Le nouveau Premier ministre grec Alexis Tsipras doit dévoiler mardi la composition de son gouvernement dont la priorité sera de renégocier la dette du pays avec ses créanciers internationaux, et d'améliorer le quotidien des Grecs en renversant le cours de l'austérité.
En première ligne de la confrontation prévisible avec les bailleurs de fonds, UE et FMI, le ministère-clé de Finances pourrait être attribué à l'universitaire polyglotte Yannis Varoufakis, pourfendeur de "la dette odieuse" et partisan de la "fin des mesures d'austérité", qui ont provoqué "une crise humanitaire".
Ce professeur d'économie de 53 ans, étiqueté comme un des "radicaux" de Syriza, dont il s'est rapproché récemment, devrait être supervisé par Yannis Dragassakis, 68 ans, un économiste plus modéré et cadre du parti, chargé de coordonner les portefeuilles des Finances, du Tourisme, de la Marine marchande et des Infrastructures.

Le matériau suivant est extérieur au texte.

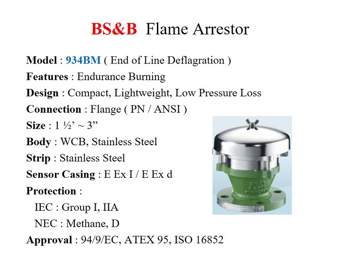 Flame Arrestor is widely used for Gas Vapor found in Tank Farm and Processes. It is to prevent Explosion when Spark of fire occurred in Gas Stream. BS&B 931B series is Inline, Screw connection.
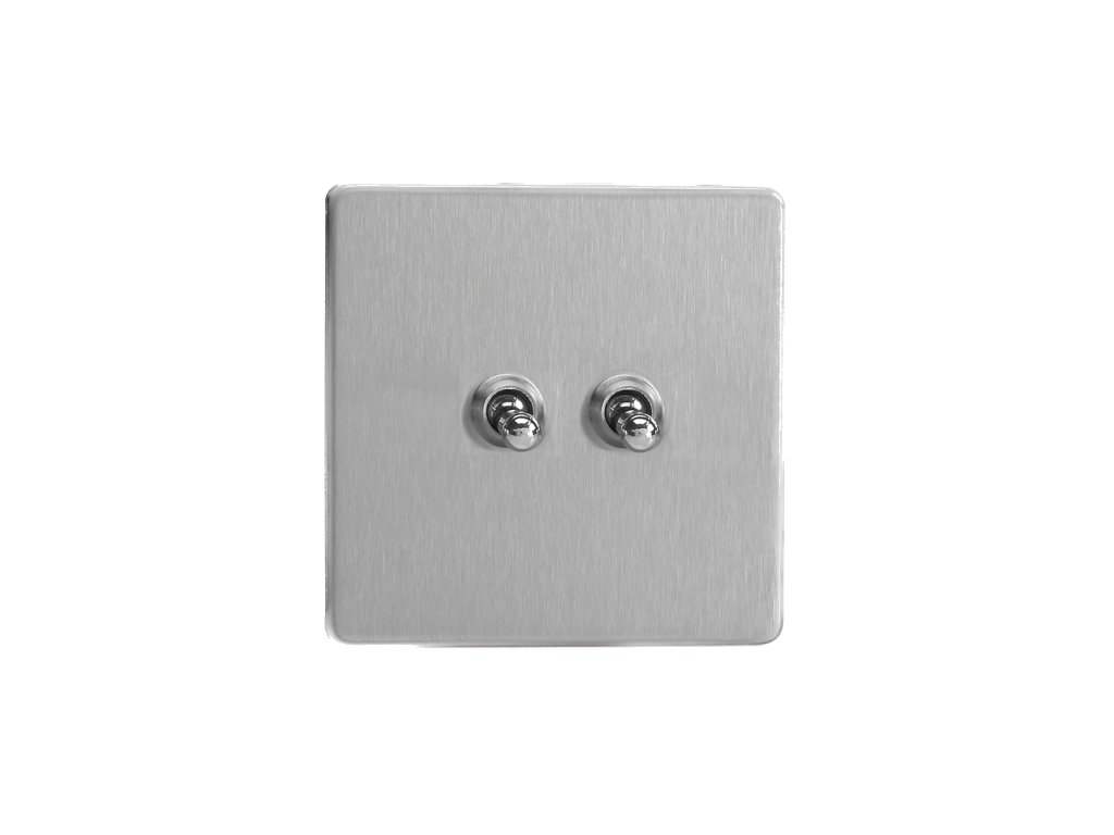 Páèkový vypínaè TOGGLE - 2-modulový schodiový (è.6); jednosmìrný (è.1) 10A 1-pólový BEZROUBKOVÉ - kartáèovaná ocel / chromová páèka
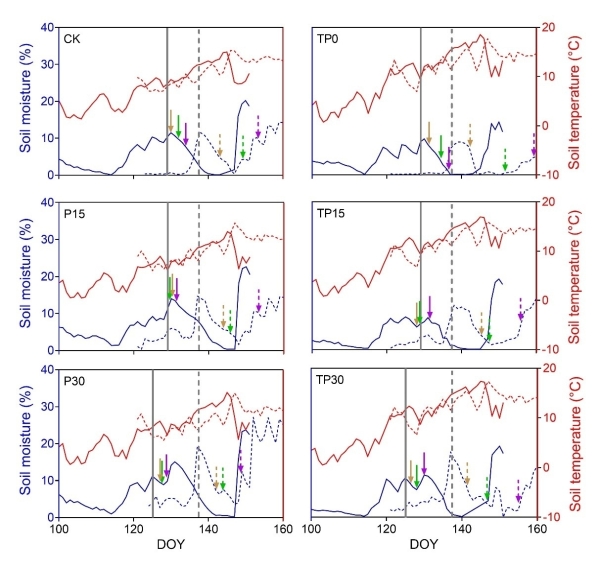 图5.不同实验处理中优势种返青期与雨季来临时间和日均土壤温度和水分的关系。灰色竖线代表雨季来临时间,不同颜色箭头代表3个优势物种返青期;所有虚线与实线分别表示2013年、2014年的数据。

Signe de l'impatience de Bruxelles à rencontrer le nouveau gouvernement grec, Jeroen Dijsselbloem, le président de l'Eurogroupe, s'est déjà entretenu lundi au téléphone pendant quinze minutes avec Yannis Varoufakis, à l'issue d'une réunion des ministres des Finances de la zone euro (Eurogroupe). Il se rendra d'ailleurs dès vendredi à Athènes.
Tout en avertissant que "les problèmes de la Grèce sont toujours là" et "qu'ils attendent des solutions", Jeroen Dijsselbloem s'est dit prêt à "attendre de connaître la position du nouveau gouvernement" d'Alexis Tsipras "concernant l'avenir du programme".
L'UE a fixé à la Grèce la limite de fin février pour accomplir certaines réformes nécessaires au déblocage de quelque sept milliards d'euros d'aide, un délai dont M. Tsipras devra décider s'il sera prolongé ou non.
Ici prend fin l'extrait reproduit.